*AIM OF THE EXERCISE*:
Could you repeat, exactly and with no pictures, only the lines from the start of the records through the line containing "收获后我们发现又是一个伪装满"?

[Saved entries]
○ ○ ○ ○ ○

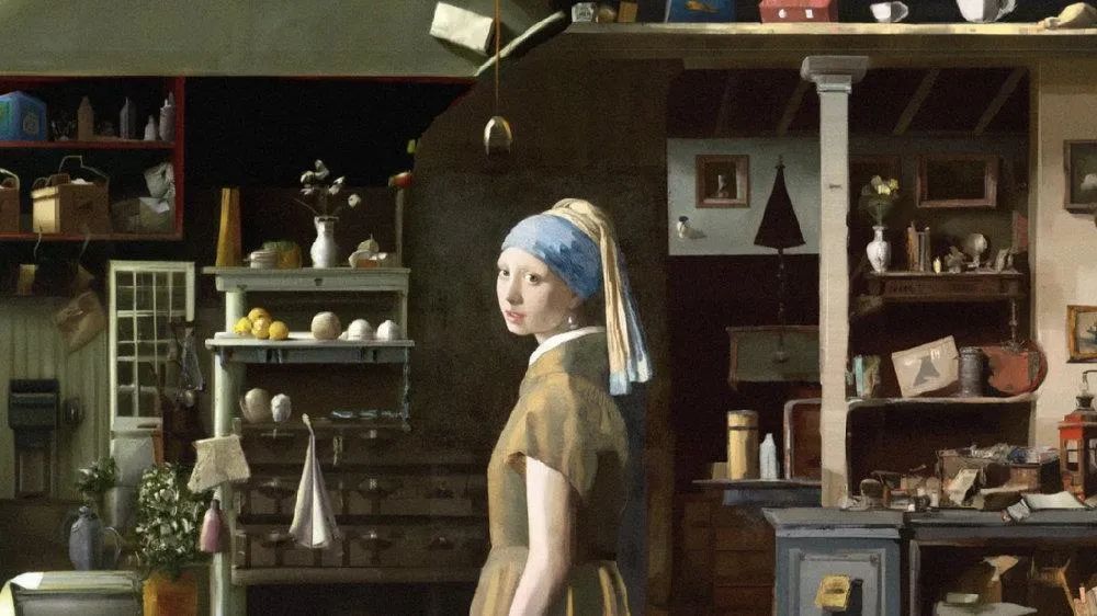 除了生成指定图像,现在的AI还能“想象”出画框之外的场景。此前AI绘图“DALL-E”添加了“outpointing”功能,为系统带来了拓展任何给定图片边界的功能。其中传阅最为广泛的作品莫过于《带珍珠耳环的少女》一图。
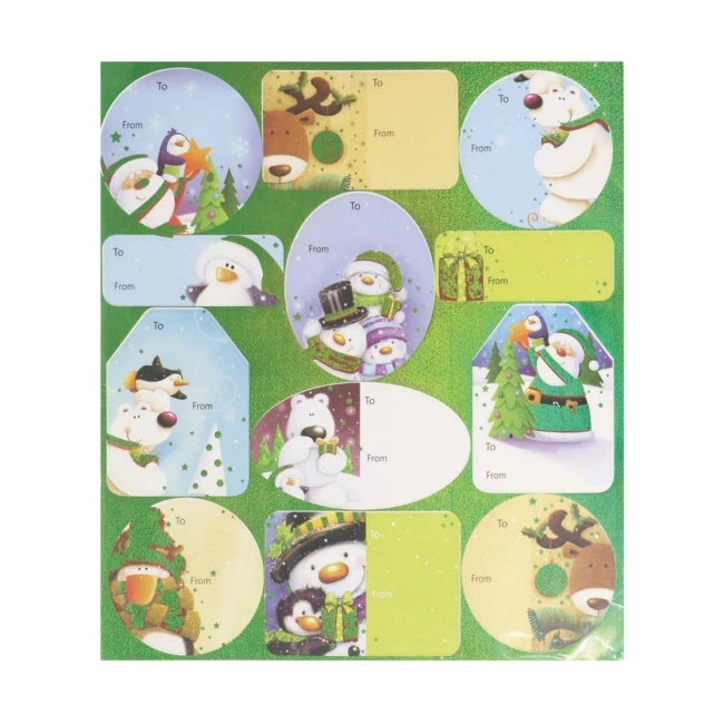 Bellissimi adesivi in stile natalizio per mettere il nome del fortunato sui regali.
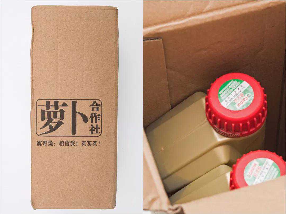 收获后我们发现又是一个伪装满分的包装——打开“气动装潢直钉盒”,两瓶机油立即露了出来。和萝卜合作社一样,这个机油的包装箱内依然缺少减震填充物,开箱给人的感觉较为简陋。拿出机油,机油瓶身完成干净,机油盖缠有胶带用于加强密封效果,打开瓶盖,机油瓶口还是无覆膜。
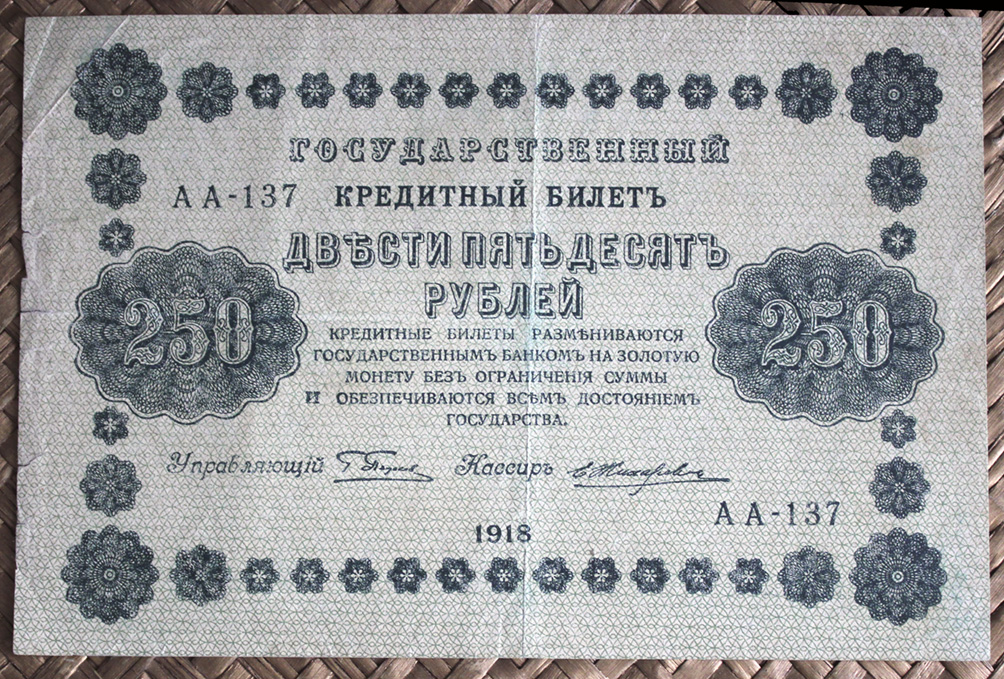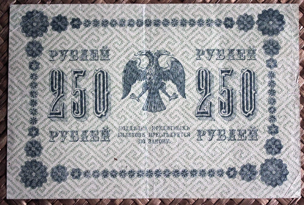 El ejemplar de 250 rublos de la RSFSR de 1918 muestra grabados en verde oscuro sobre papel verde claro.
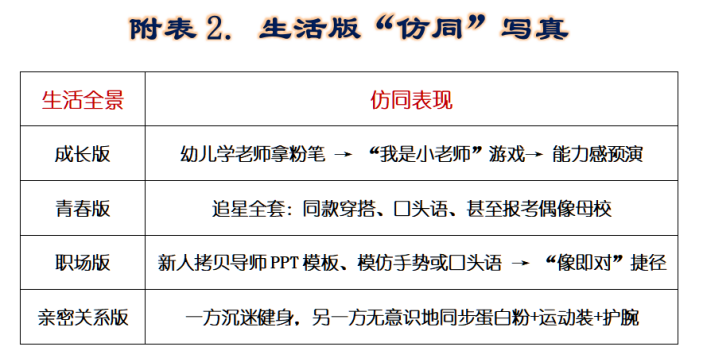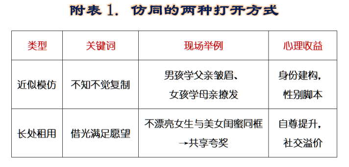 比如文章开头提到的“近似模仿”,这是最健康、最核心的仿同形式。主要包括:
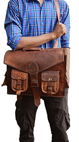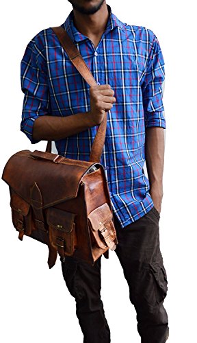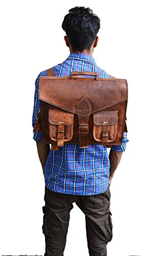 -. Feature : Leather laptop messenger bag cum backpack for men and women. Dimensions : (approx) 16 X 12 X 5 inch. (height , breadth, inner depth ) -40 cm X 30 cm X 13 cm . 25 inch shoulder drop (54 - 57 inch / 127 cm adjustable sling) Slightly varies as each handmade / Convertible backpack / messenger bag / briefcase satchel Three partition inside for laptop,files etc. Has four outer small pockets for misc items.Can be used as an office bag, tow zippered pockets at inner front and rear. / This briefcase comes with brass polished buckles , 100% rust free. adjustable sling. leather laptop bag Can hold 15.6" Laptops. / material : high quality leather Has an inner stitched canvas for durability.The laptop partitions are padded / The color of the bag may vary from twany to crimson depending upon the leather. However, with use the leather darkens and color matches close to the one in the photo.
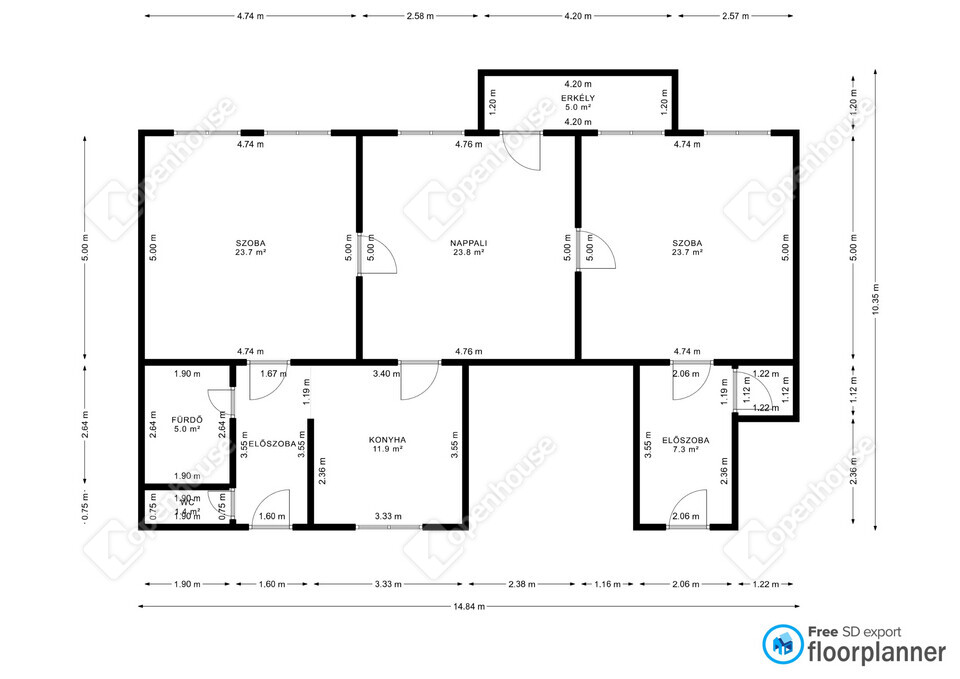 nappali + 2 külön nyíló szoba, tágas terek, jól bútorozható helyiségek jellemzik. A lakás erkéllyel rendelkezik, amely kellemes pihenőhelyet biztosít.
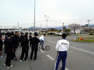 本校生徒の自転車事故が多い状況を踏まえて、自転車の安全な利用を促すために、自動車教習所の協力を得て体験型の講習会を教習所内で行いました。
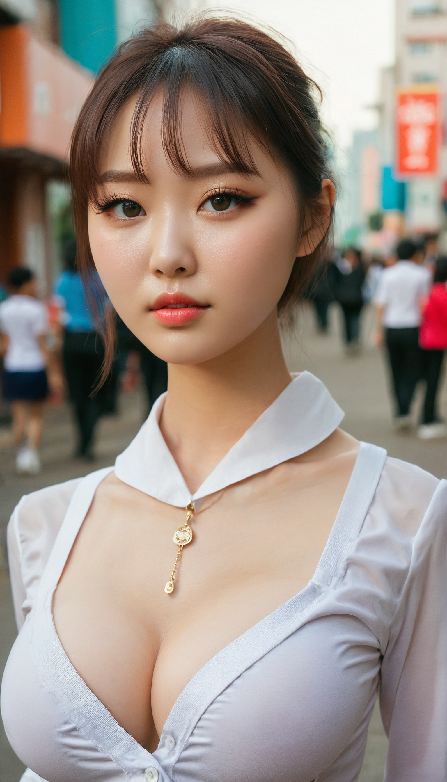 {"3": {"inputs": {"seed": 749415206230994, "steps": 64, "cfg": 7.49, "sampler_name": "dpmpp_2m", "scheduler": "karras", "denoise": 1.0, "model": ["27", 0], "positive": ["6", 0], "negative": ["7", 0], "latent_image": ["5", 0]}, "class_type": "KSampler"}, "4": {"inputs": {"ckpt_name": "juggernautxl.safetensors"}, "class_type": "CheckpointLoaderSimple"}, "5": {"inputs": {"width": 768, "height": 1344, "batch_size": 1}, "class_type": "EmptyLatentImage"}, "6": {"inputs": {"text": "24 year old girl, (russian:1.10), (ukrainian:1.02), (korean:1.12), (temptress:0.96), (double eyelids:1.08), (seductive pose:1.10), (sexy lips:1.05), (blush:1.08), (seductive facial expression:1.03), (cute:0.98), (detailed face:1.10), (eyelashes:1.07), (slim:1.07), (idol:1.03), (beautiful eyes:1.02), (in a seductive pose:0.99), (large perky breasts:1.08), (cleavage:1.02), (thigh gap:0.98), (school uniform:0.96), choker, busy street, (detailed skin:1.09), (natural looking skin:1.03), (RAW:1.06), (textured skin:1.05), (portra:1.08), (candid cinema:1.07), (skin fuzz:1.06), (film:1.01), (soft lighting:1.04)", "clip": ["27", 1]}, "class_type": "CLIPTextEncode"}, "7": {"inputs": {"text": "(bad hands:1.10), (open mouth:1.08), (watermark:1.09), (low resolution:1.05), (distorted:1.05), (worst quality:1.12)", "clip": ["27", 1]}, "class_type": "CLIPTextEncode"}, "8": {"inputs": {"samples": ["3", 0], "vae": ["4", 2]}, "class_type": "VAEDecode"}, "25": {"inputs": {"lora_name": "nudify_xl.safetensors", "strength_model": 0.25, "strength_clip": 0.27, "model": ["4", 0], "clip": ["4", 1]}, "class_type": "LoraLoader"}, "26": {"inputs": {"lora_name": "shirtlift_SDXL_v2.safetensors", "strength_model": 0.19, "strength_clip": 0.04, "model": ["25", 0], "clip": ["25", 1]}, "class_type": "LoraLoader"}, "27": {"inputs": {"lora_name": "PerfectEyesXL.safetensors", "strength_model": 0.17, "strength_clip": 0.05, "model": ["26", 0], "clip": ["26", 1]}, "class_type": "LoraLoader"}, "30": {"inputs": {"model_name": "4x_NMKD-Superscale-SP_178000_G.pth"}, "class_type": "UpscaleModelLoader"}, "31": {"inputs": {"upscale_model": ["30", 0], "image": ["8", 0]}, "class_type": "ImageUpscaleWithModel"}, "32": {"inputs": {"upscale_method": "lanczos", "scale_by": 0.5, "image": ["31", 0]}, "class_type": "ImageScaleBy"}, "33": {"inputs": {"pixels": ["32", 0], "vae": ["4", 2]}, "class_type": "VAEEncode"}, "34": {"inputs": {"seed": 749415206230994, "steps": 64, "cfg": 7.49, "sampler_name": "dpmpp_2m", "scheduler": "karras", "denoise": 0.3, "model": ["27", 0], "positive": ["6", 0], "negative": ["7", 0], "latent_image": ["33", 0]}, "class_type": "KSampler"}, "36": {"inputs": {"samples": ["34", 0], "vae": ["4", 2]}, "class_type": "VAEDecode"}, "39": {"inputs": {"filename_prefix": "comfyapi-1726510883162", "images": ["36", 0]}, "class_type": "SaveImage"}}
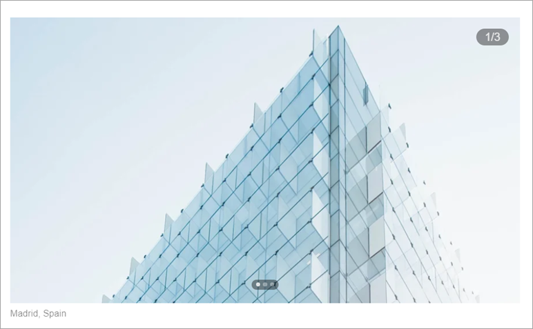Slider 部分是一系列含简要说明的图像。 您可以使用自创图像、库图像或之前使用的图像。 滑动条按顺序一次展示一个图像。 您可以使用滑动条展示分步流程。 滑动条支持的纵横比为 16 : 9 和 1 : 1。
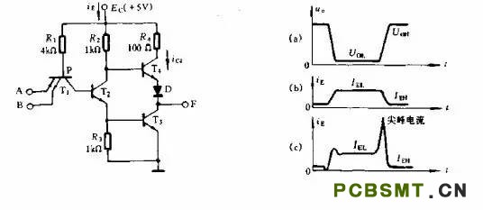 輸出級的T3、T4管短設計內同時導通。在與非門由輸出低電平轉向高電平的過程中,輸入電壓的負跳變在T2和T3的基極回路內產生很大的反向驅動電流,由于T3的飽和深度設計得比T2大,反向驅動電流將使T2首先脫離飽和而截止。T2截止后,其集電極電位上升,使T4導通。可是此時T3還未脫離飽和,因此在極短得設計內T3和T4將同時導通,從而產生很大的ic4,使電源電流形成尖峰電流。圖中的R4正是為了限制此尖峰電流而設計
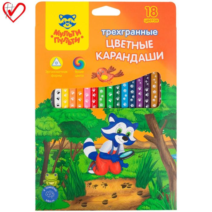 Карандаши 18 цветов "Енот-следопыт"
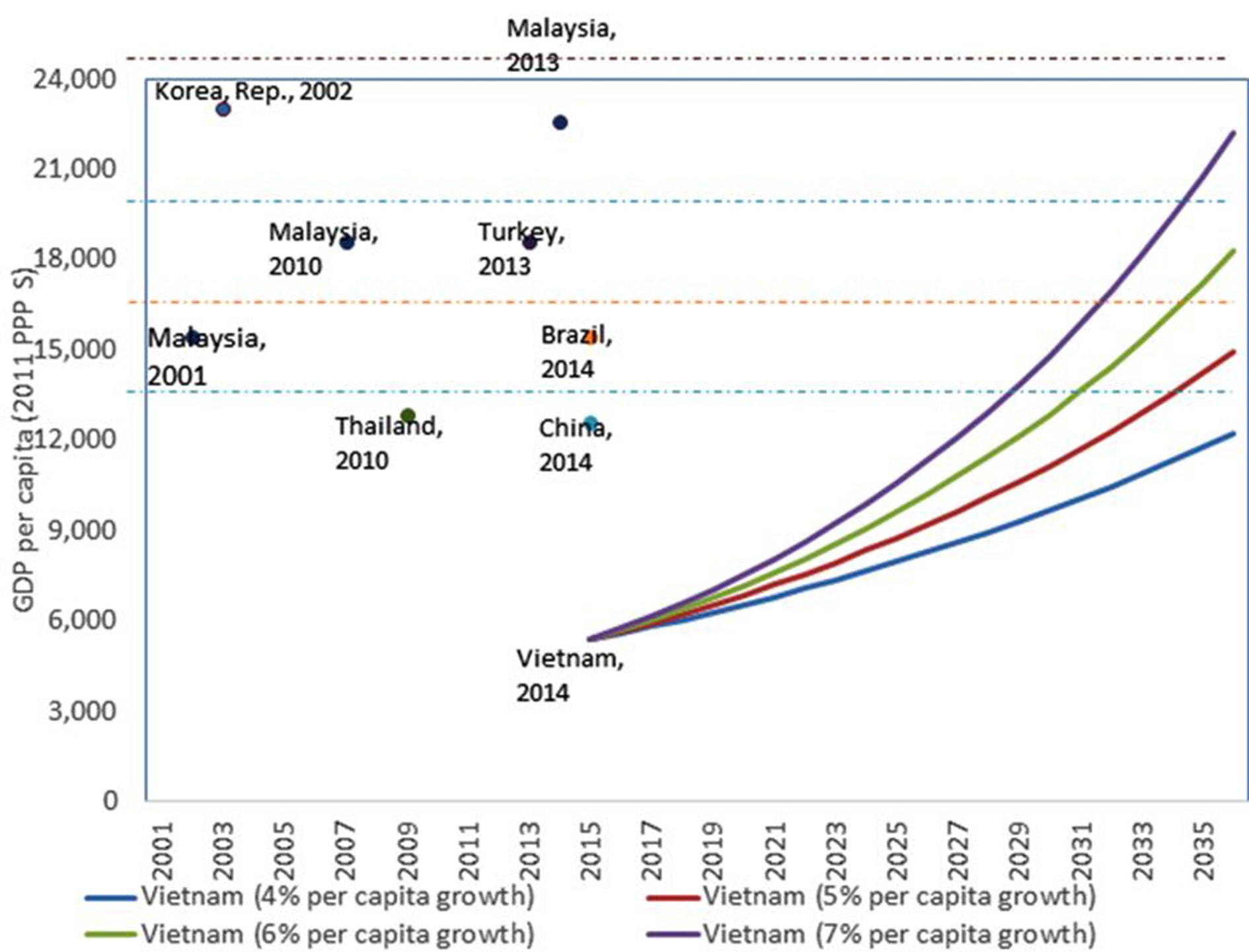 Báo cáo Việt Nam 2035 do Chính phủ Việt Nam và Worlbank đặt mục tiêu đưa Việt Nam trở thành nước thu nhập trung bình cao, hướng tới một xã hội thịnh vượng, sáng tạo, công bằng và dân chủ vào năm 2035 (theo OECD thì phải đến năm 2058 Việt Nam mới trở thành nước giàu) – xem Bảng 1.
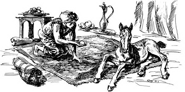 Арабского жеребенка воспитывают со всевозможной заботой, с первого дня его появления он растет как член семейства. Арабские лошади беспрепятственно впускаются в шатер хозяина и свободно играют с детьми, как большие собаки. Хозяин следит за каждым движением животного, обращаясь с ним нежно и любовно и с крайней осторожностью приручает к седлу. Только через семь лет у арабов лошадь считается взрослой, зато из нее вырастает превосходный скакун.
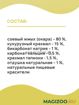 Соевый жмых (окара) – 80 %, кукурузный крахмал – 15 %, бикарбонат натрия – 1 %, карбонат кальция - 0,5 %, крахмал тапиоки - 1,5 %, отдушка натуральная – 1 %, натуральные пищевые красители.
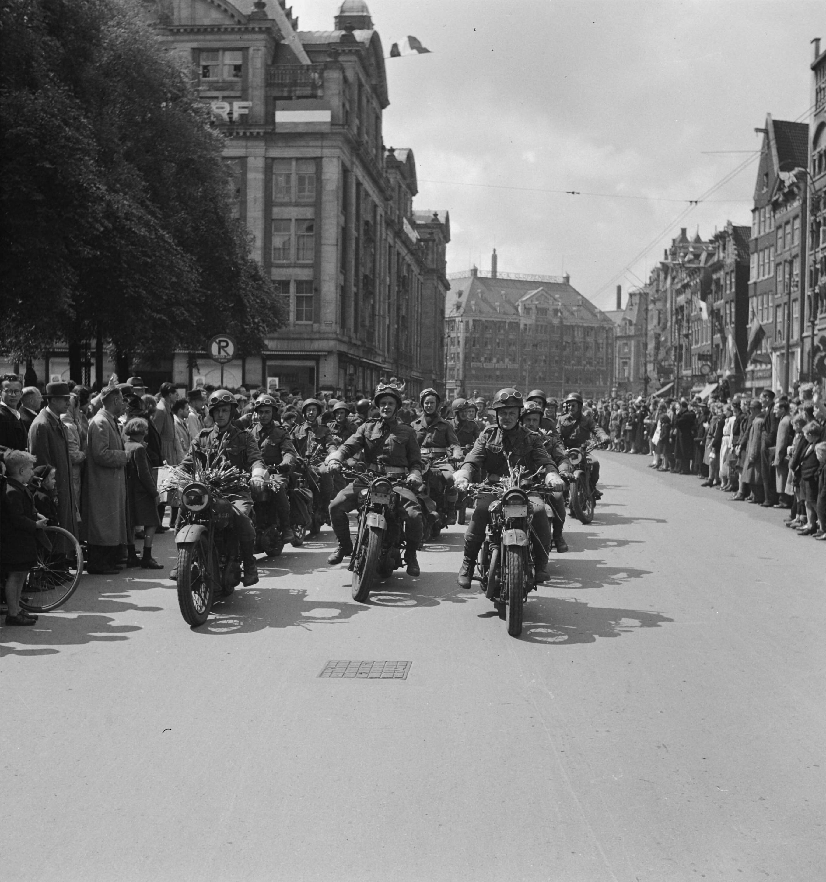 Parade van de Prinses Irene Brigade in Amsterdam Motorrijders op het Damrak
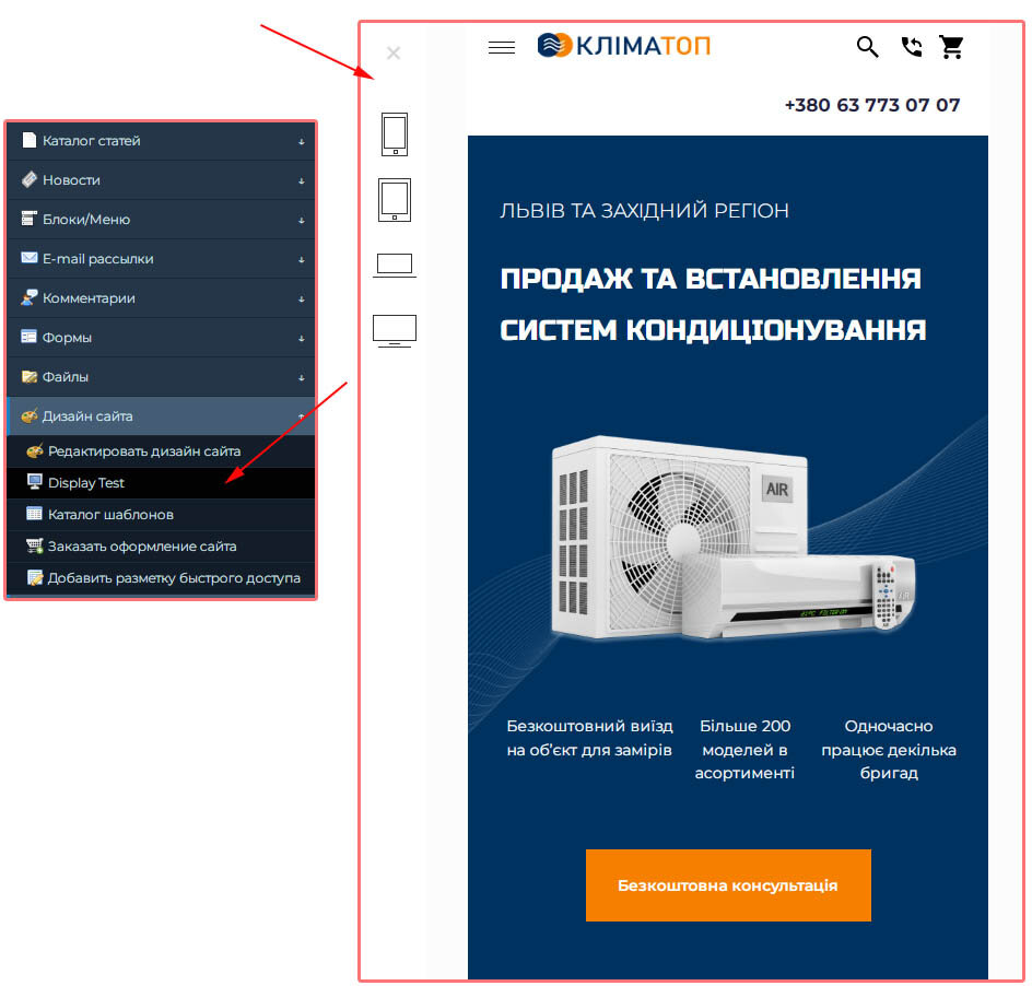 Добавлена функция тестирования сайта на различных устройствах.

○ ○ ○ ○ ○

*TASK RESPONSE*:
 除了生成指定图像,现在的AI还能“想象”出画框之外的场景。此前AI绘图“DALL-E”添加了“outpointing”功能,为系统带来了拓展任何给定图片边界的功能。其中传阅最为广泛的作品莫过于《带珍珠耳环的少女》一图。
 Bellissimi adesivi in stile natalizio per mettere il nome del fortunato sui regali.
 收获后我们发现又是一个伪装满分的包装——打开“气动装潢直钉盒”,两瓶机油立即露了出来。和萝卜合作社一样,这个机油的包装箱内依然缺少减震填充物,开箱给人的感觉较为简陋。拿出机油,机油瓶身完成干净,机油盖缠有胶带用于加强密封效果,打开瓶盖,机油瓶口还是无覆膜。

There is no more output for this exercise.